The Saguaro Digital Library is a joint project being developed by a consortium of University research groups as well as Federal and State agencies in conjunction with industrial partners. State Agencies partnering in the Saguaro Digital Library project include the Arizona State Lands Department, the Arizona State Cartographers Office, the Arizona State Geological Survey, and the Arizona Geographic Information Council. Federal Agencies participating in the project include, the United State Geological Survey (USGS) Sonoran Desert Field Station, the US Army, the Rocky Mountain Research Station, Los Alamos National Laboratory, the Nature Conservancy, and the US National Park Service. Industrial partners involved in the project include Online Computer Library Center Inc. (OCLC), Raytheon STX, and Simons International Corporation. K-12 partners include Lawrence Intermediate School, Fort Lowell Elementary School, and the Vail School District from Arizona. The development of the library is led by the Department of Management Information Systems in collaboration with other departments at the University of Arizona (UA) including, the UA Library, Hydrology and Water Resources, Arid Land Studies, Geography, Electrical and Computer Engineering, the Arizona Regional Image Archive, and Renewable Natural Resources.

Resource Harvesting

For the most part, digital libraries are mausoleums, or in other words, static information sets that require periodic updates. Such updates are often temporary and costly. Thus, in reality, a digital library should support dynamic resources that can be updated by users or an information provider at any time. By employing appropriate data management techniques to assure quality, security, searchability and a means to generate metadata information, it is possible to create dynamic digital libraries. However, in order to collect the information, it is essential to provide digital forms for the appropriate information set and establish update rules. Furthermore, tools allowing new resources to be added and old/obsolete resources to be removed periodically must support the evolution of the library.

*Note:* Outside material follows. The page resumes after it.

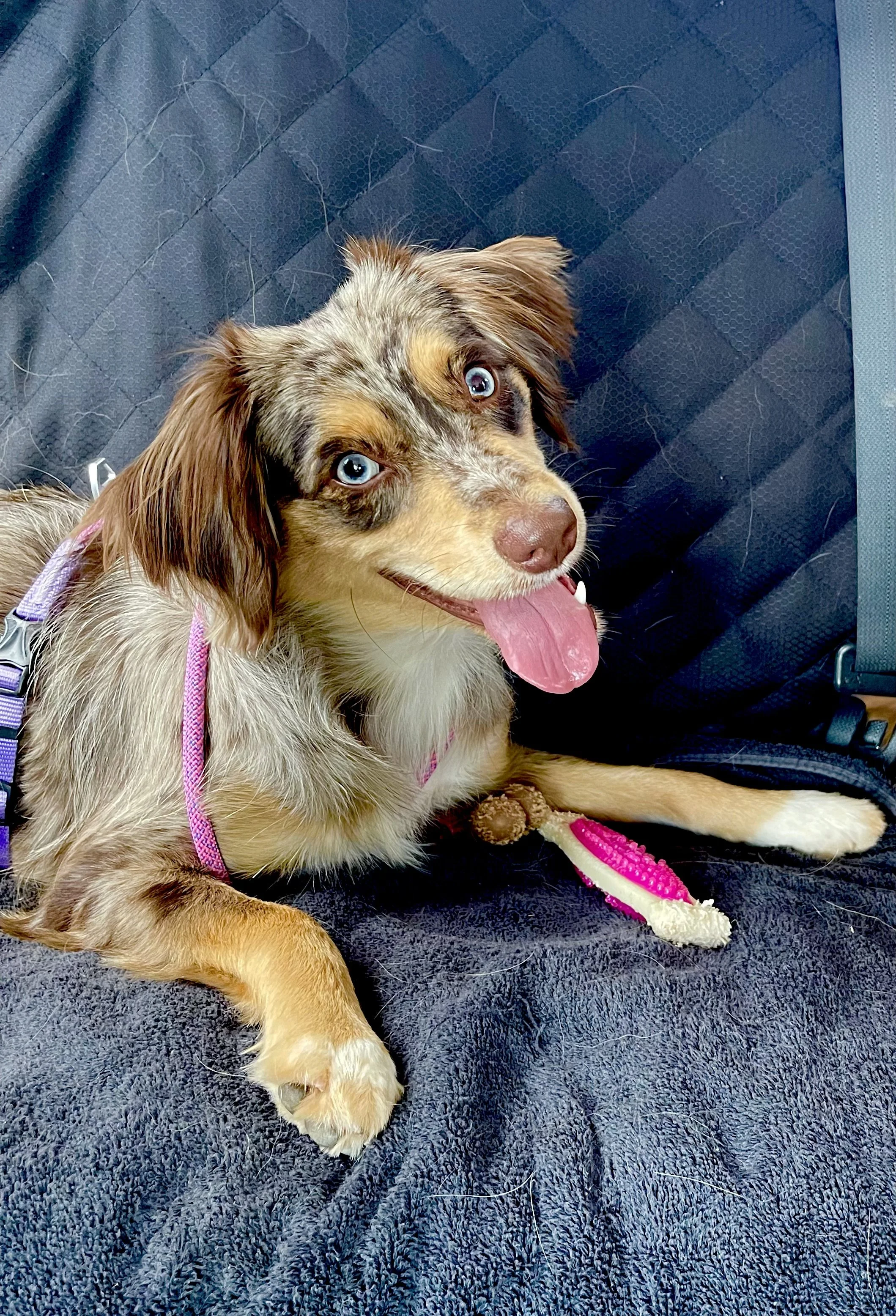 The best sweet, calm snuggles come from this Mini Aussie mama who’s got a heart full of love and loyalty. She’s the kind of dog who radiates warmth and gentleness, curling up next to us after a long day for those quiet, cozy moments. Her eyes, full of affection, show just how much she adores her humans. Despite her small size, her snuggles feel like the most comforting embrace, making us feel safe and cared for.

Providing mechanisms for resource harvesting and supporting dynamic evolution of digital libraries would have enormous practical benefits to the general public at large. Potential benefits include the following:

(1) reduced cost of obtaining updated information

(2) direct communication with the end user to learn what information is used and why

(3) creation of a cooperative atmosphere to encourage information exchange

(4) improved cost effectiveness of research efforts by expediting and increasing information flow

(5) mechanisms for direct public participation in the information gathering process

In addition, it creates an environment where users and the public have a significant role and responsibility to add information they deem necessary to effect the outcome maps or decision surfaces that may be created through information exchange.

Architecture

The Harvest System is composed of a Harvester, Metadata, XML Parser, Metadata Storage and Templates (Overall Architecture of Harvest System). Harvester provides users with a user interface through which users can submit the URL for GIS data and its metadata. According to the user's input, Harvester determines which template file to display. If Harvester receives an XML file, it creates Metadata after extracting the metadata from that file using the XML Parser and then saves the Metadata information in Metadata Storage. The following is a description of each component of the Harvest System.

Harvester

Harvester provides users with a user interface for data submission as well as retrieval of an URL for GIS data or its metadata in an XML file format. Harvester consists of MetadataHarvest.java extending ADRGServlet.java, MetadataUpload.java, MetadataAccess.java, MetadataFormReader.java and HarvesterUser.java extending ADRGUserImpl.java. Users can select from among the following three options:

1) No digital metadata available. Help me to create it.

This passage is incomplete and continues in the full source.